• **Requirement**
Give again, word for word, the lines below that run from the line with "[한국뉴스타임=명기자] 구리시는 지난" through the line with "Youdenova Jute Rope". Drop the pictures.

• **Records for the exercise**
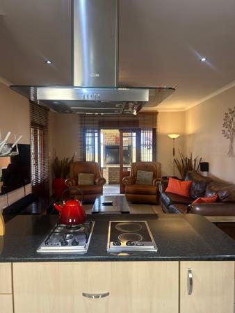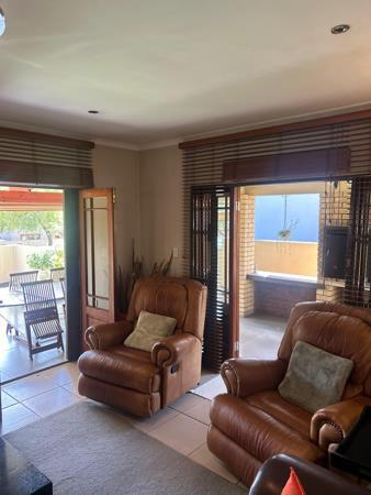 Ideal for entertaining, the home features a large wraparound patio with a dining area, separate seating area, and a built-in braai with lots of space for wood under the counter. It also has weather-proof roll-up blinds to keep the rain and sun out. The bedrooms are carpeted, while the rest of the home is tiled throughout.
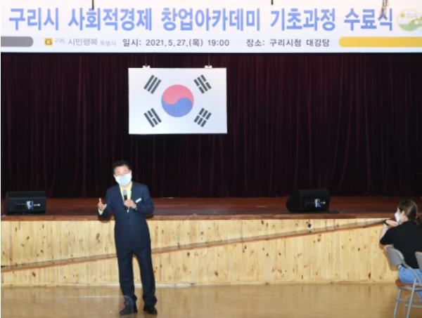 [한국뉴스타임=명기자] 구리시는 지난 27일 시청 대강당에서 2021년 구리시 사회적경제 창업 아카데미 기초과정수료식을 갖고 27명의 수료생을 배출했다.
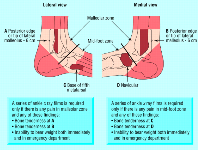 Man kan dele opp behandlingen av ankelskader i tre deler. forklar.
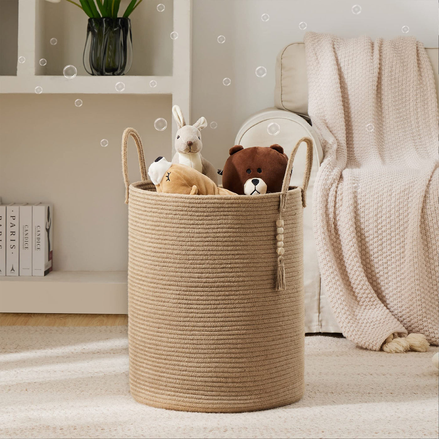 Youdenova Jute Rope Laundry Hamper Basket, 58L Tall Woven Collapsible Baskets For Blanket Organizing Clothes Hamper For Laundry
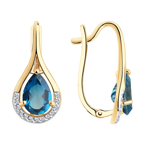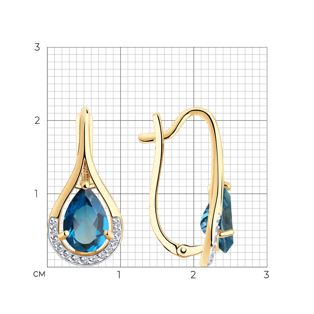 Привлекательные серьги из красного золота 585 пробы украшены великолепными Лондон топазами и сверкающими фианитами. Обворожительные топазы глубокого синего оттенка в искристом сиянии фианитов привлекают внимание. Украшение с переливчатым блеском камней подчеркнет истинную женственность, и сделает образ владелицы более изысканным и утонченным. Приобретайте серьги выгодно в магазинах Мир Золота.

• **Solved exercise**
 [한국뉴스타임=명기자] 구리시는 지난 27일 시청 대강당에서 2021년 구리시 사회적경제 창업 아카데미 기초과정수료식을 갖고 27명의 수료생을 배출했다.
 Man kan dele opp behandlingen av ankelskader i tre deler. forklar.
 Youdenova Jute Rope Laundry Hamper Basket, 58L Tall Woven Collapsible Baskets For Blanket Organizing Clothes Hamper For Laundry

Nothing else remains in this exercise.